Date Published: January 1, 2010
Publisher: Public Library of Science
Author(s): Nicole Creanza, Jason S. Schwarz, Joel E. Cohen, Robert C. Fleischer. http://doi.org/10.1371/journal.pone.0008544
Abstract: Long-term influenza evolution has been well studied, but the patterns of sequence diversity within seasons are less clear. H3N2 influenza genomes sampled from New York State over ten years indicated intraseasonal changes in evolutionary dynamics. Using the mean Hamming distance of a set of amino acid or nucleotide sequences as an indicator of its diversity, we found that influenza sequence diversity was significantly higher during the early epidemic period than later in the influenza season. Diversity was lowest during the peak of the epidemic, most likely due to the high prevalence of a single dominant amino acid sequence or very few dominant sequences during the peak epidemic period, corresponding with rapid expansion of the viral population. The frequency and duration of dominant sequences varied by influenza protein, but all proteins had an abundance of one distinct sequence during the peak epidemic period. In New York State from 1995 to 2005, high sequence diversity during the early epidemic suggested that seasonal antigenic drift could have occurred primarily in this period, followed by a clonal expansion of typically one clade during the peak of the epidemic, possibly indicating a shift to neutral drift or purifying selection.

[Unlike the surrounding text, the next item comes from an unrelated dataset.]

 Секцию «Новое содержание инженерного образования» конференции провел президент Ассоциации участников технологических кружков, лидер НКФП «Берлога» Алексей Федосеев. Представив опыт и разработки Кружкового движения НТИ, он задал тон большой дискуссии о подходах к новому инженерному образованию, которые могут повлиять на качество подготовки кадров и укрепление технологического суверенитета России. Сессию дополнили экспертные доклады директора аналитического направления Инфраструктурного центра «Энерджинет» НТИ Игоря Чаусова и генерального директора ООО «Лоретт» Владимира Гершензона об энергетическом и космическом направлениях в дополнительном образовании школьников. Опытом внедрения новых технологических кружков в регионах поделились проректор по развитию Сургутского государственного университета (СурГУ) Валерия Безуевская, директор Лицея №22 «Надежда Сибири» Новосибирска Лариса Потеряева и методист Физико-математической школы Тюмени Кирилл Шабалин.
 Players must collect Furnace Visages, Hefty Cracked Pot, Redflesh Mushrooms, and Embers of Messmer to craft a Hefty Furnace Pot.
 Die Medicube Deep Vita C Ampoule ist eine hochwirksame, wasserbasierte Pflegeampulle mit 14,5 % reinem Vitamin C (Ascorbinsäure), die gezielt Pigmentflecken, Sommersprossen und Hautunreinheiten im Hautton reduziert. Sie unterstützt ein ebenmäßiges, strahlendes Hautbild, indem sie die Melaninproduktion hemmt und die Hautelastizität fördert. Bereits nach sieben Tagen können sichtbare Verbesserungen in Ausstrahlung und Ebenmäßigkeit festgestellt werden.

Partial Text: The three human influenza pandemics of the 20th century originated from avian strains that changed through mutation or reassortment of the RNA segments to produce a virus novel to human immune systems and capable of human-to-human transmission . The recent spread of the avian influenza strain H5N1 and the swine H1N1 strain and the resulting fear that small changes in these viruses could cause a devastating human pandemic have made the goal of understanding influenza evolution timely and important. To date, seasonal influenza has caused cumulatively more deaths than pandemic influenza , killing an estimated 30,000 Americans each year  and 250,000 to 500,000 worldwide . Over the past decade, many seasonal influenza genomes have been fully sequenced, providing a database for detailed evolutionary studies of the virus.

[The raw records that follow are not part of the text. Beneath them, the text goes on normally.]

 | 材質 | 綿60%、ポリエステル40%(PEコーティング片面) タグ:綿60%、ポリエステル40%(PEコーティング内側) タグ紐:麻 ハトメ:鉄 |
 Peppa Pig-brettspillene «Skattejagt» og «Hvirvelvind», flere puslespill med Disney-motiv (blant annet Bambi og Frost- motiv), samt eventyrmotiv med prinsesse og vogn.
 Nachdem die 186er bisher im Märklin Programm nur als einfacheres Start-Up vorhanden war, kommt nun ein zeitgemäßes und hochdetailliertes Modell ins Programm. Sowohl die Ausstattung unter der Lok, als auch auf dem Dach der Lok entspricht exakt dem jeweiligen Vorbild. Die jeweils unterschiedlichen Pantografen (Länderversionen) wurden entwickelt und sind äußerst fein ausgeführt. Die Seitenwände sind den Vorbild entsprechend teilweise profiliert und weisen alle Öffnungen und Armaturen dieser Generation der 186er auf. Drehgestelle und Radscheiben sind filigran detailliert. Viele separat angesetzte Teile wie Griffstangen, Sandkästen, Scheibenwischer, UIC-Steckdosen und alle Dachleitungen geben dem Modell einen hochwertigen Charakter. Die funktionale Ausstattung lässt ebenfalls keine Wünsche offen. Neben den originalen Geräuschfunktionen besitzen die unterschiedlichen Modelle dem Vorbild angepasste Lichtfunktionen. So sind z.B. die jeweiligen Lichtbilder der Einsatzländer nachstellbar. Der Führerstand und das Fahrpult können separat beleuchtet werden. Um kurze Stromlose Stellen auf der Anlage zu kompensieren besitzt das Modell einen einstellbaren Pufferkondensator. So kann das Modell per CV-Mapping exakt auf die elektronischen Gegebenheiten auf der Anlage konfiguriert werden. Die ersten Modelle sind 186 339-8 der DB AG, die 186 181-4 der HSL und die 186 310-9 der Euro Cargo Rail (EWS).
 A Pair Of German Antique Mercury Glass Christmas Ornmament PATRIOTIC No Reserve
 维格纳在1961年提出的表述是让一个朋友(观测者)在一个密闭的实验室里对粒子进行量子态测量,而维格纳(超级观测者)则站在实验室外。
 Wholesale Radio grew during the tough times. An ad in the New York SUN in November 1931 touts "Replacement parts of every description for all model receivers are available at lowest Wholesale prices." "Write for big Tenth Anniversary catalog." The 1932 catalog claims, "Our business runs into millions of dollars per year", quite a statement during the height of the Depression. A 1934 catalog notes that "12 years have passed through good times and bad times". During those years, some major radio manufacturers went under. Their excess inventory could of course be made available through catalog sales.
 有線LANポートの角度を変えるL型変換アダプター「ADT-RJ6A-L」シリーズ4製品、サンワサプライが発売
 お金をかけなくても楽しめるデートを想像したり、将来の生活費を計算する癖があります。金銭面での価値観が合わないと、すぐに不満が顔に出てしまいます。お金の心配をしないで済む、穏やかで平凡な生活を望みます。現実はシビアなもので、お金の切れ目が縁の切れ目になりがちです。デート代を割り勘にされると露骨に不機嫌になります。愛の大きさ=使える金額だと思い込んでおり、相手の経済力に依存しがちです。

The database of H3N2 sequences from New York State was a valuable resource for close scrutiny of influenza dynamics. We utilized these data to test predictions about intraseasonal influenza evolution. Influenza nucleotide and protein sequence diversity was highest at the beginning of the epidemic; during the expansion of the epidemic (and of the influenza population), influenza diversity fell significantly (Tables 1 and 2). Based on phylogenies (Supplemental Figures S3-S4) and the prevalence of the dominant sequences (Figure 2), the rapid expansion of influenza during the epidemic peak consisted largely of the clonal expansion of one clade. The evolutionary dynamics behind this clonal expansion were unclear. Mathematical models of evolution within an influenza season predicted differences in sequence evolution under neutral versus non-neutral antigenic drift . When the assumption of neutrality was removed and the host’s immunity could affect viral fitness, models indicated that “significant amounts of antigenic drift can occur in the early phases of the epidemic when there are still relatively few infected hosts” and much of the antigenic drift in flu sequences would occur before the peak of the epidemic . It is possible that the increased sequence diversity in the early epidemic was somehow related to non-neutral drift during that period, perhaps across larger populations than we have investigated. Influenza could have shifted between two dominant processes, antigenic drift and purifying selection . In New York State from 1995 to 2005, antigenic drift could have occurred primarily in the early part of each season’s epidemic, followed by a clonal expansion in the population of typically one clade. We have no concrete indications that non-neutral drift was occurring early in the epidemic. Analysis of dN/dS ratios between periods was inconclusive, but these small groups of closely related sequences were not particularly amenable to analysis by dN/dS . The finer details of the early period of the epidemic, such as how many distinct sequences are circulating and how fast amino acid changes accumulate, could not be measured with the available data due to the low number of infections and inadequate sampling.